In another development, IAEA inspectors found that some of both the more basic and more advanced Libyan centrifuges had been “contaminated” with traces of HEU and LEU. Both types of enriched uranium were found in a test facility for the L-1 centrifuges. The two L-2 centrifuges, along with related components, had traces of HEU. The agency is still trying to identify the exact source of the material, but the report suggests that Libya did not attempt to test centrifuges with nuclear material, which might have indicated a more advanced program. Rather, it suggests that the components were already contaminated when Libya received them.
The report shed further light on Tripoli’s attempts to develop the capability to convert uranium oxide into uranium hexafluoride. Libya began its attempts to acquire a uranium-conversion facility “no later than 1981” and ordered a “modular” conversion facility from an unnamed “Far Eastern country” in 1984. Components for the facility began arriving two years later. Libya conducted “small scale” uranium-conversion experiments between 1983 and 1989, as well as “limited” experiments again after 1994. But none of these tests were carried out in a full-scale conversion facility and none of the experiments produced uranium hexafluoride.
The IAEA has said Libya acquired its nuclear material in two phases. Libya exported uranium in 1985 to an unnamed “nuclear-weapon state,” which then processed it and shipped the resulting products, including uranium hexafluoride, back to Libya later that year.
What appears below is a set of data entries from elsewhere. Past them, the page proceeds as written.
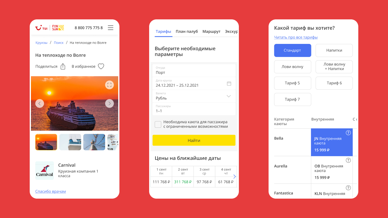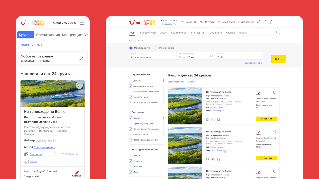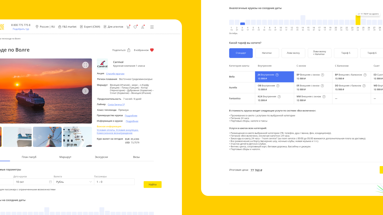 Сроки и бюджет были определены заранее и очень строго. Этот сервис должен был стать новым направлением туроператора и позволил бы пользователям проводить поиск круизов по месту отбытия и прибытия, датам, количеству ночей, каютам и названию теплохода.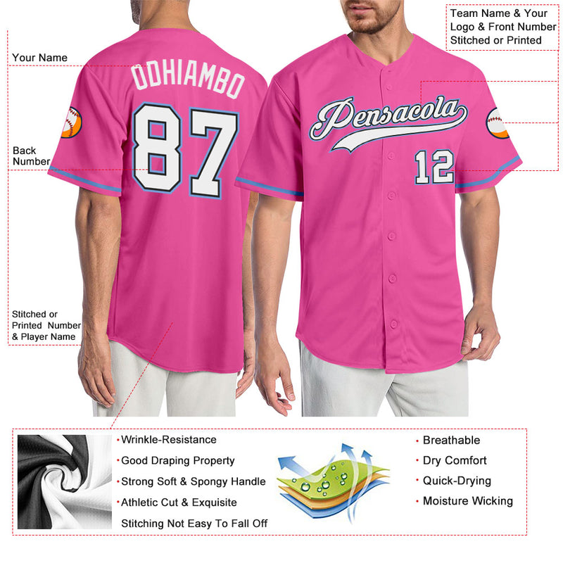 Custom Pink White-Light Blue Authentic Baseball Jersey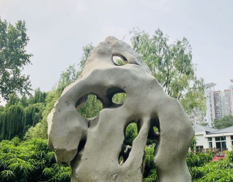 院内绿树成荫,繁花似锦,是纳凉的好去处,喷泉,假山,雕塑,荷塘交相呼应,一步一景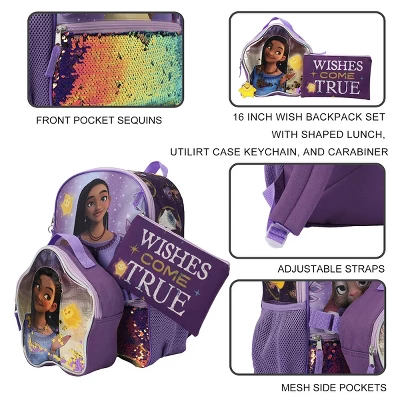 - OFFICIALLY LICENSED: 100% authentic, this 5-piece Disney Wish backpack set is perfect for any little fan of Disney Wish!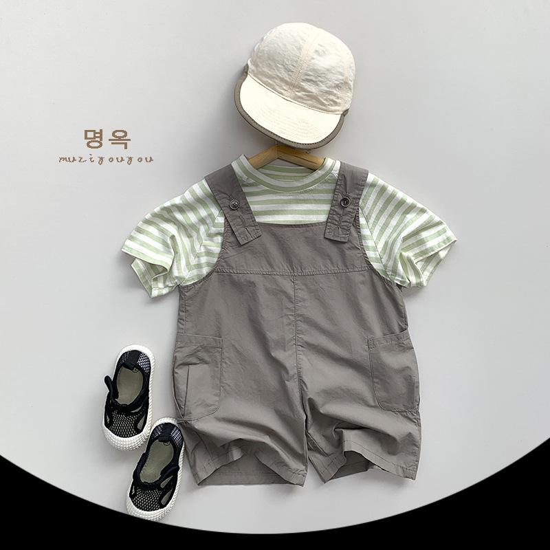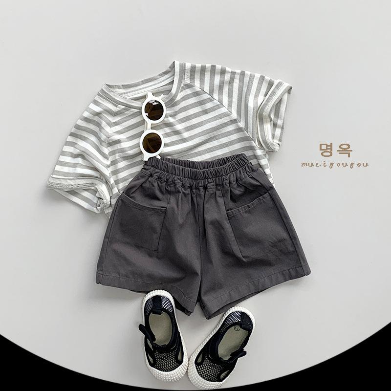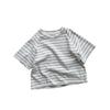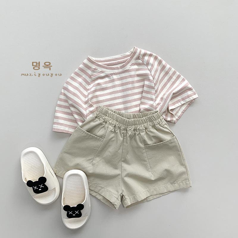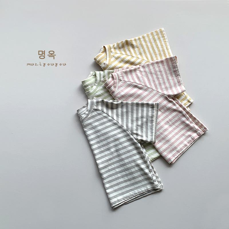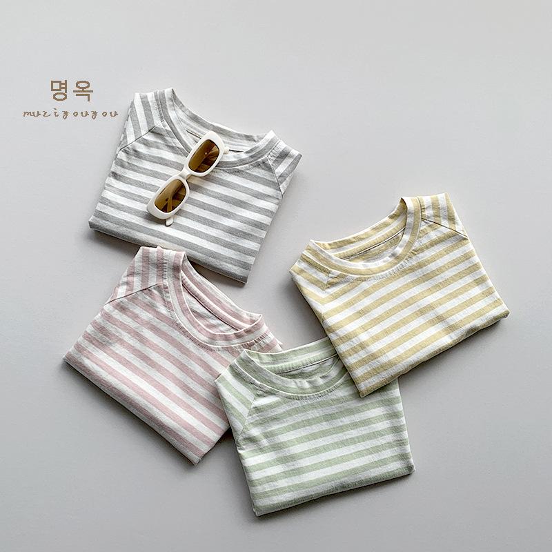 Camiseta de rayas de manga corta para niños color macarrón, nueva camiseta de verano para niños y niñas de algodón y lino, estilo coreano, top informal combinable.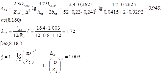 8. Отношение λ = lδ/τ = 0.23/0.24 = 0.96. Значение λ = 0,96 находится в допустимых пределах (см. рис. 8.25, а).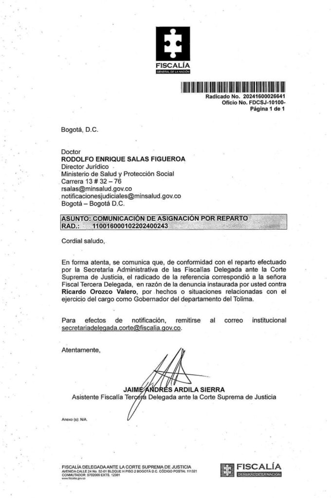 La Fiscalía General de la Nación notificó formalmente al director jurídico del Ministerio de Salud, Rodolfo Salas, sobre la asignación del caso mediante reparto. El trámite se adelantó en la secretaría administrativa de las fiscalías delegadas ante la Corte Suprema, dado que Orozco cuenta con fuero especial por su condición de exmandatario departamental.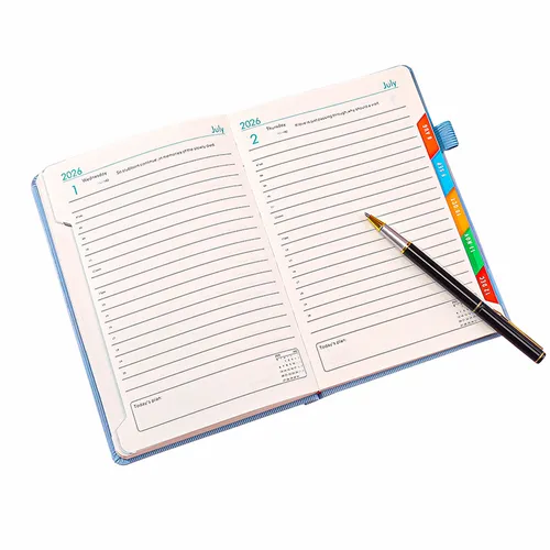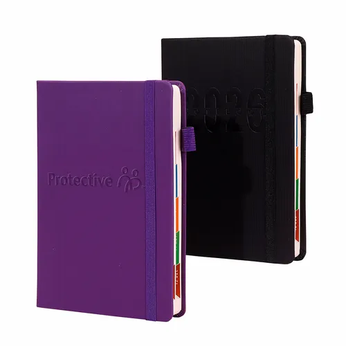 A stylish, durable planner with a convenient strap closure, perfect for organising notes, schedules, and ideas on the go.Size: 5.8 in x 8.3 inCover: Colour-changing PUPages: 200 sheets / 400 pages (80g paper)Colours: Green, Blue, Purple, Black, Orange, PinkWeight: 515gCustomisation: UV printing, foil printing, debossingImprint Area: 100 mm x 100 mmIdeal for professionals and students who want both style and functionality in one planner.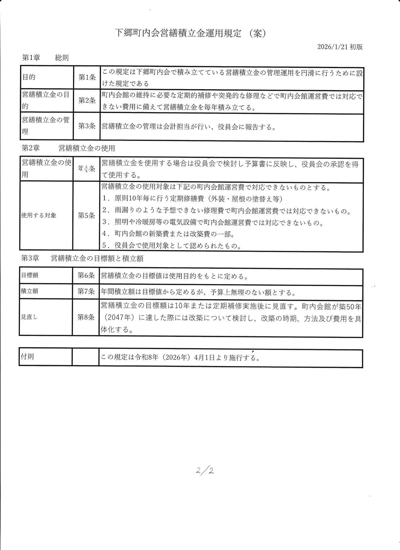 2.会館営繕積立金の規定案 (添付資料 2~4・PDF)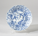 Soucoupe à assise annulaire, parois évasées, lèvre légèrement ondulée, au décor bleu-blanc consistant au fond en un médaillon figurant un paysage dans lequel se distingue un rocher ajouré, au contour déchiqueté, encadré de fleurs, un oiseau en vol ; sur le marli, tiges florales et insectes (?) alternant avec une fleur isolée formant des compartiments légèrement sinueux ; sur la lèvre, ligne brisée ; tiges florales en face externe.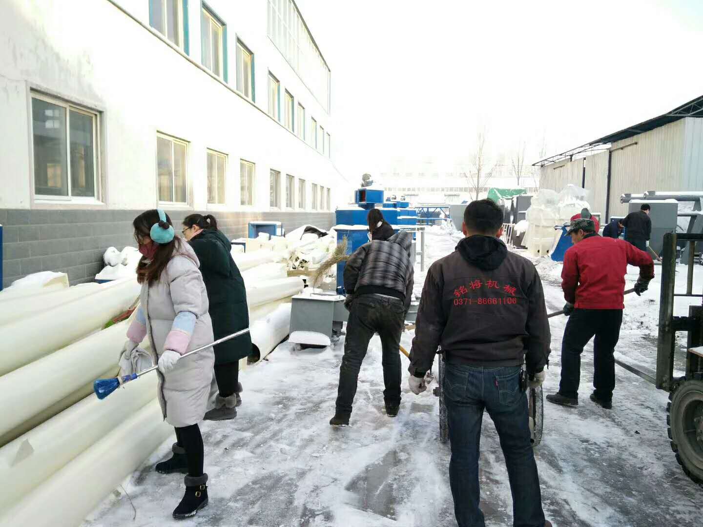 這場雪持續一天一夜,整裝待發的設備上蓋著厚厚的一層雪,為了不耽誤客戶的工期,正常發貨,一大清早銘將全體員工集體出動,清掃設備上的雪,大家不怕嚴寒,始終飽含工作熱情和高昂的斗志,有力的為塞爾維亞的正常發貨做好準備。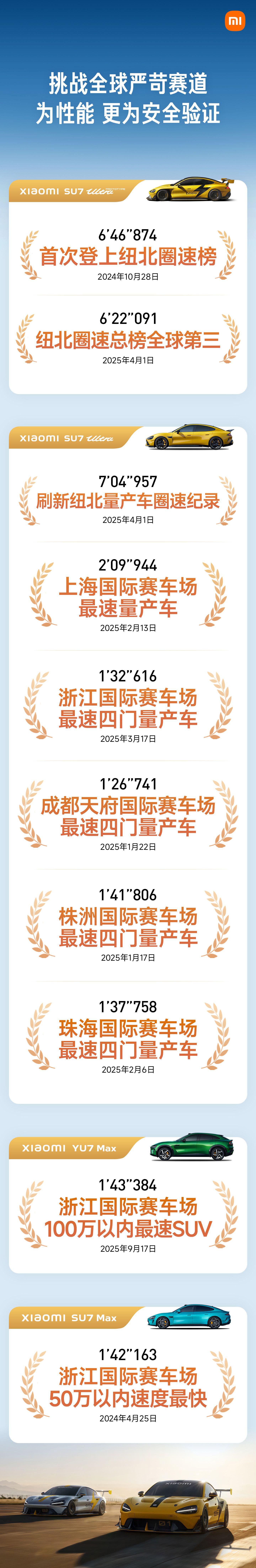 小米 SU7 Ultra 原型车于 2025 年 4 月 1 日以 6 分 22 秒 091 的成绩登上纽北圈速总榜全球第三,量产版则以 7 分 04 秒 957 刷新纽北量产车圈速纪录,并成为上赛、浙赛、成都天府国际赛车场、株洲国际赛车场、珠海国际赛车场等赛道最速四门量产车。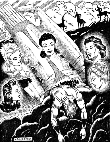 With a sigh of relief, he started to sit down. A lithe red-head sprang forward and held his chair. They all waited politely for him to be seated before they took their places. He felt silly. He felt like a captive princess. All the confidence engendered by the familiar settings of the space ship went out of him like wind. He, Jonathan Fawkes, was a castaway on an asteroid inhabited by twenty-seven wild women.
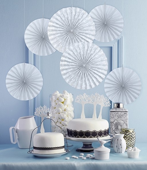 Dekorativa pappersrosetter i gråblå färg som är perfekta för fest eller kalas. Dessa rosetter kan hängas upp i taket eller på väggen med det medföljande snöret, eller så kan de användas som bordsdekoration direkt på bordet. Setet innehåller tre stycken rosetter i olika storlekar: 23 cm, 32 cm och 40 cm i diameter.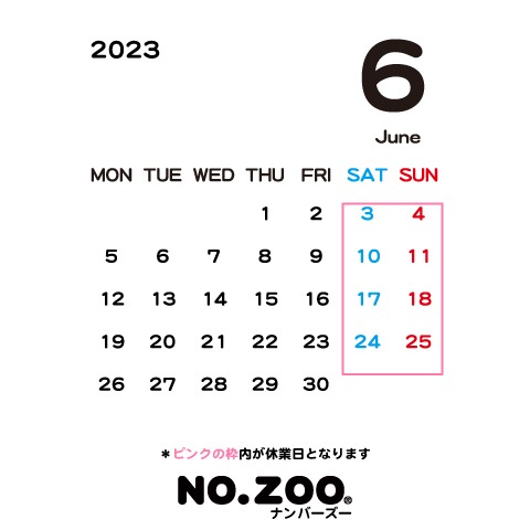 6月のショップ休業日はピンクの枠内となります。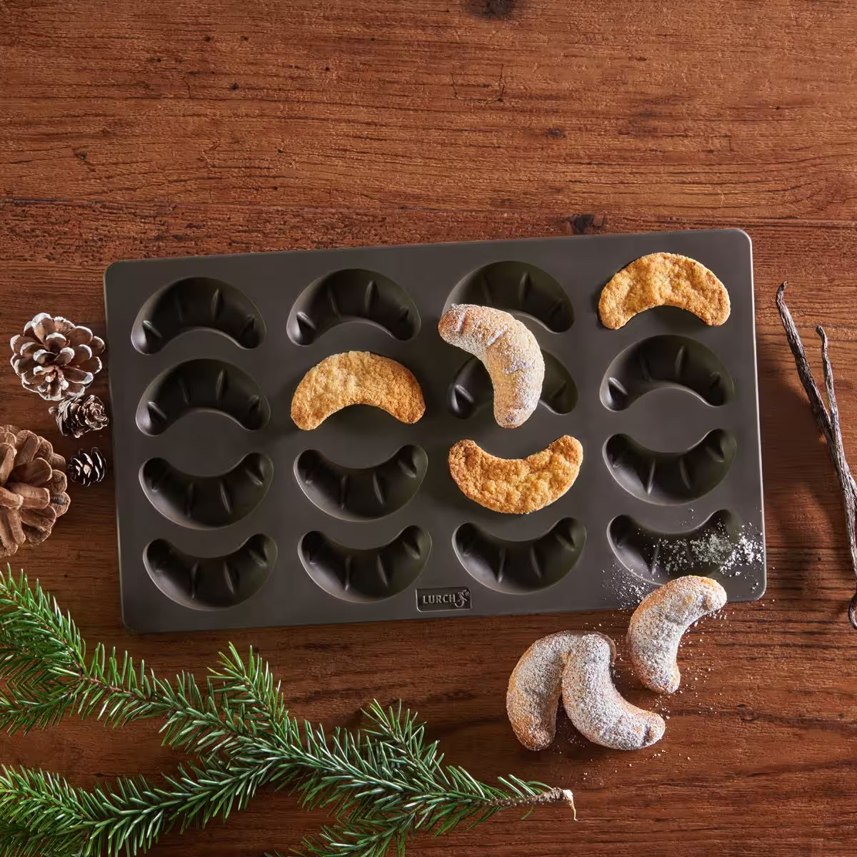 Denne formen i platinasilikon gir 16 stk småkaker i halvmåne-form. Fungerer også utmerket til sjokolade! Formen har non-stick effekt som slipper bakverket lett og er helt smaksnøytral.

Libya used Khan’s network to acquire two additional shipments of uranium hexafluoride in September 2000 and February 2001. The IAEA is still trying to determine the origin of that material.
A report earlier this year from Malaysia’s inspector general of police stated that, according to U.S. and British intelligence officials, uranium hexafluoride was shipped from Pakistan to Libya in 2001. Additionally, the IAEA has “uncorroborated information,” but no “proof,” that North Korea may have supplied Libya with nuclear material, the agency official said.
The IAEA board adopted a resolution in March finding that Libya’s past clandestine nuclear activities “constituted non-compliance” with its IAEA safeguards agreement but also praising Libya’s subsequent cooperation and dismantlement efforts. Because of these efforts, the resolution requested that ElBaradei report Libya’s noncompliance to the UN Security Council “for information purposes only.” Although the council had the option of taking action against Tripoli, a security council president’s statement instead praised Libya’s cooperation in an April resolution. The United States, in cooperation with the United Kingdom and Russia, has removed the most important components of Libya’s nuclear weapons program.